Data extract –
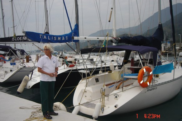 A Vivi diz para o Zanella que queremos fazer a regata de abertura, mas que não temos tripulantes. Ele diz que está a bordo com ele um casal de amigos, de Itajaí – Cláudio e Mônica – que não estão em nenhuma tripulação e que gostariam de participar da regata. Ele nos apresenta e a empatia é mútua. Combinamos que no dia seguinte iríamos dar uma velejada para eles conhecerem o Bubi.
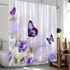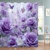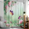 Butterfly Floral Shower Curtain Rose Flowers Plant Botanical Bathroom Decor Elegant Polyester Fabric Bath Curtain with Hook
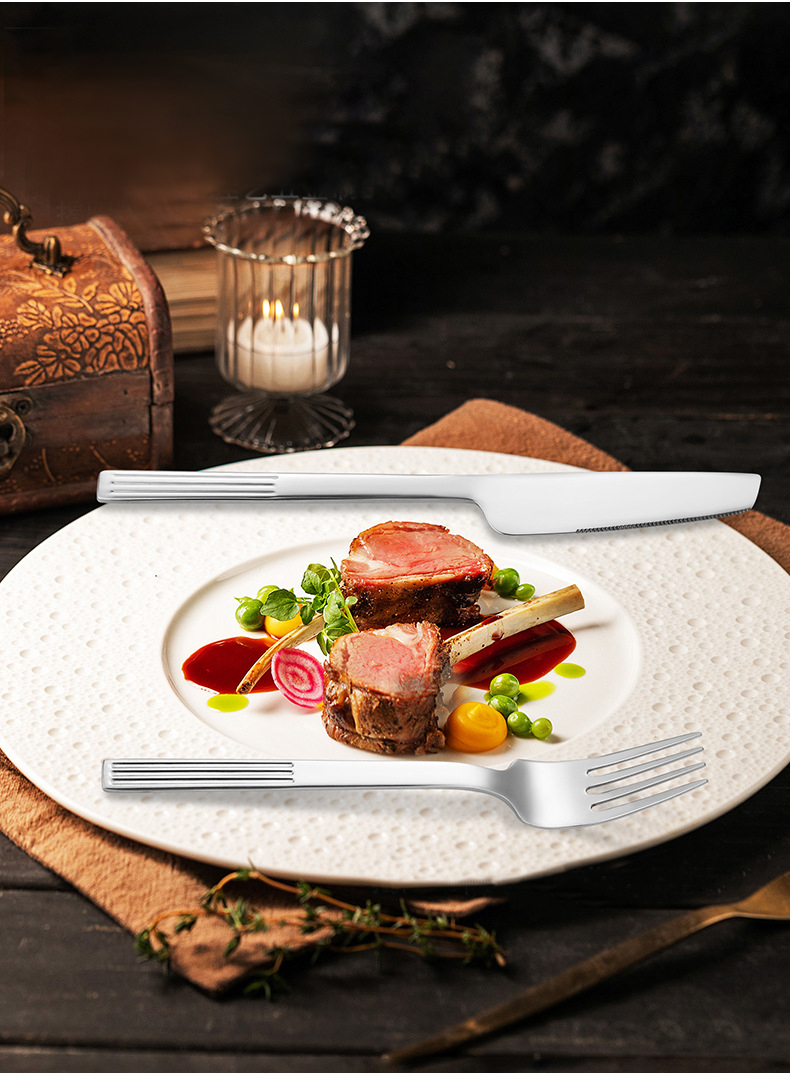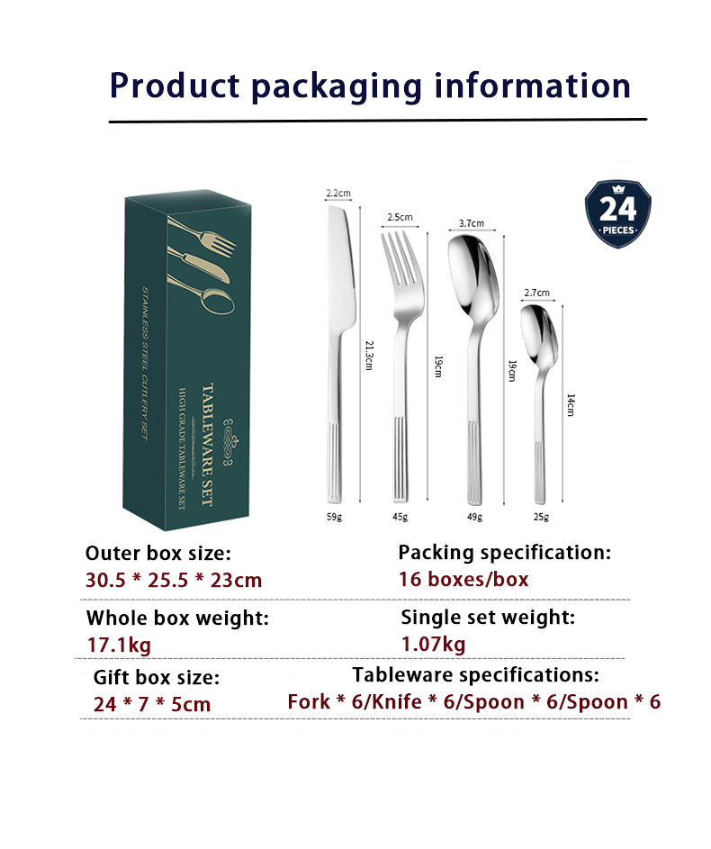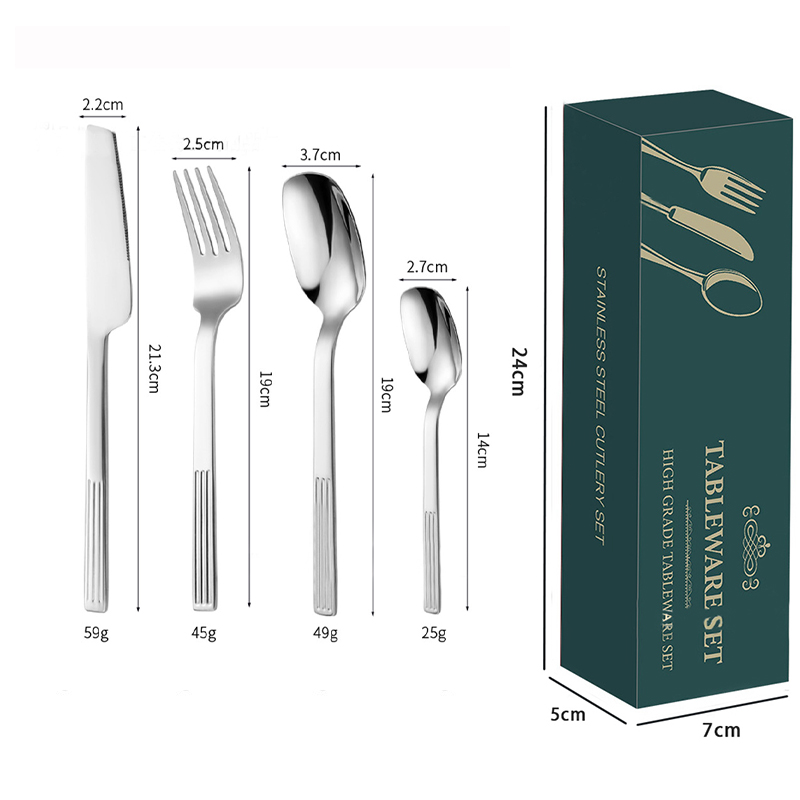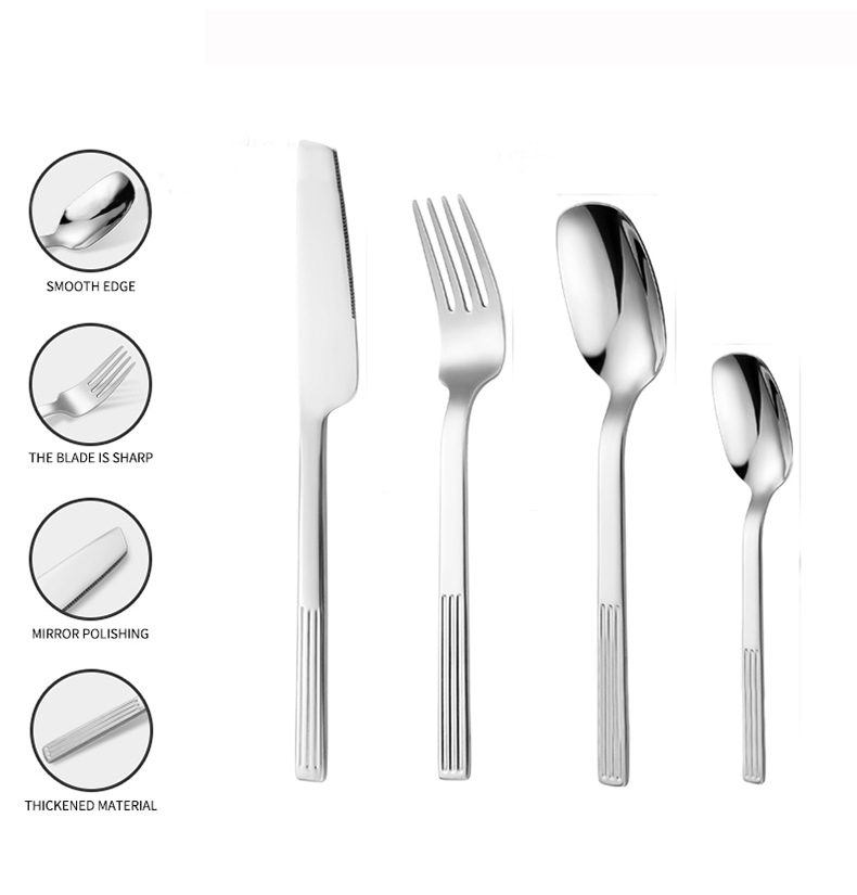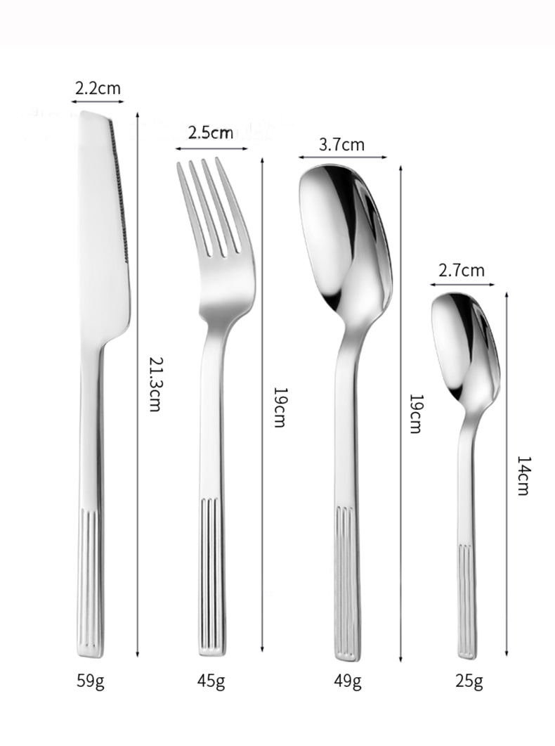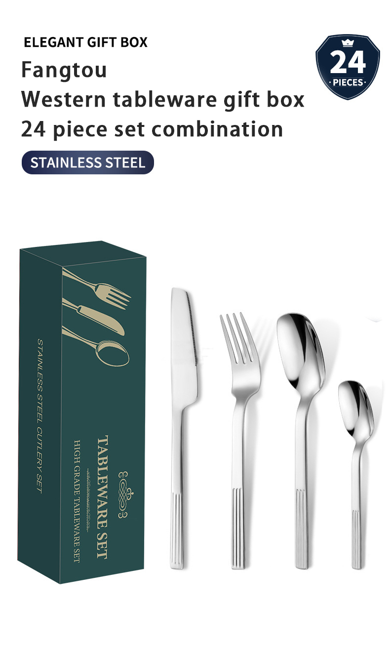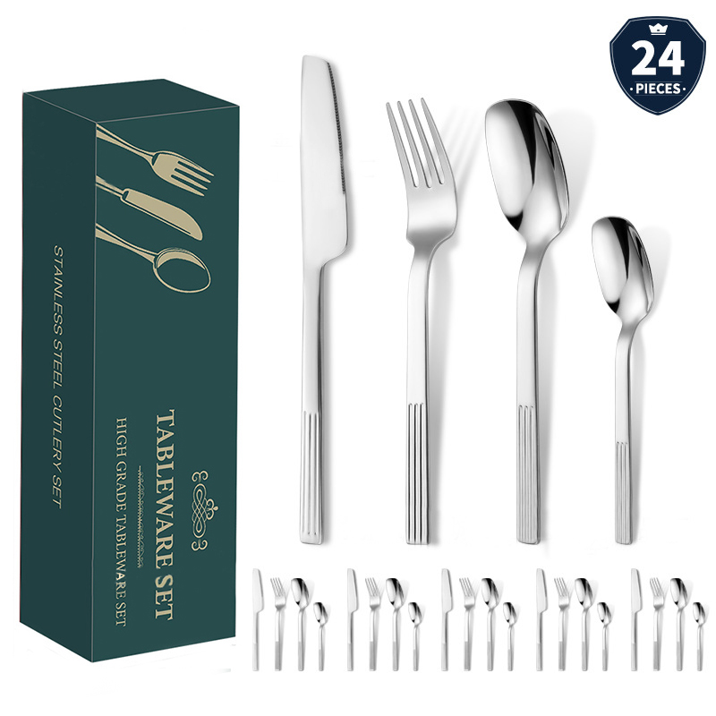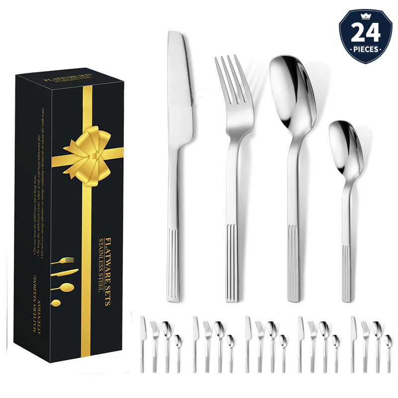 DINUO Stainless Steel 24 Piece Set Western Hotel Square Head Striped Tableware JYDN-L-210

What to work on – A word-for-word retyping of the material above is expected, without pictures.

Your response –
 A Vivi diz para o Zanella que queremos fazer a regata de abertura, mas que não temos tripulantes. Ele diz que está a bordo com ele um casal de amigos, de Itajaí – Cláudio e Mônica – que não estão em nenhuma tripulação e que gostariam de participar da regata. Ele nos apresenta e a empatia é mútua. Combinamos que no dia seguinte iríamos dar uma velejada para eles conhecerem o Bubi.
 Butterfly Floral Shower Curtain Rose Flowers Plant Botanical Bathroom Decor Elegant Polyester Fabric Bath Curtain with Hook
 DINUO Stainless Steel 24 Piece Set Western Hotel Square Head Striped Tableware JYDN-L-210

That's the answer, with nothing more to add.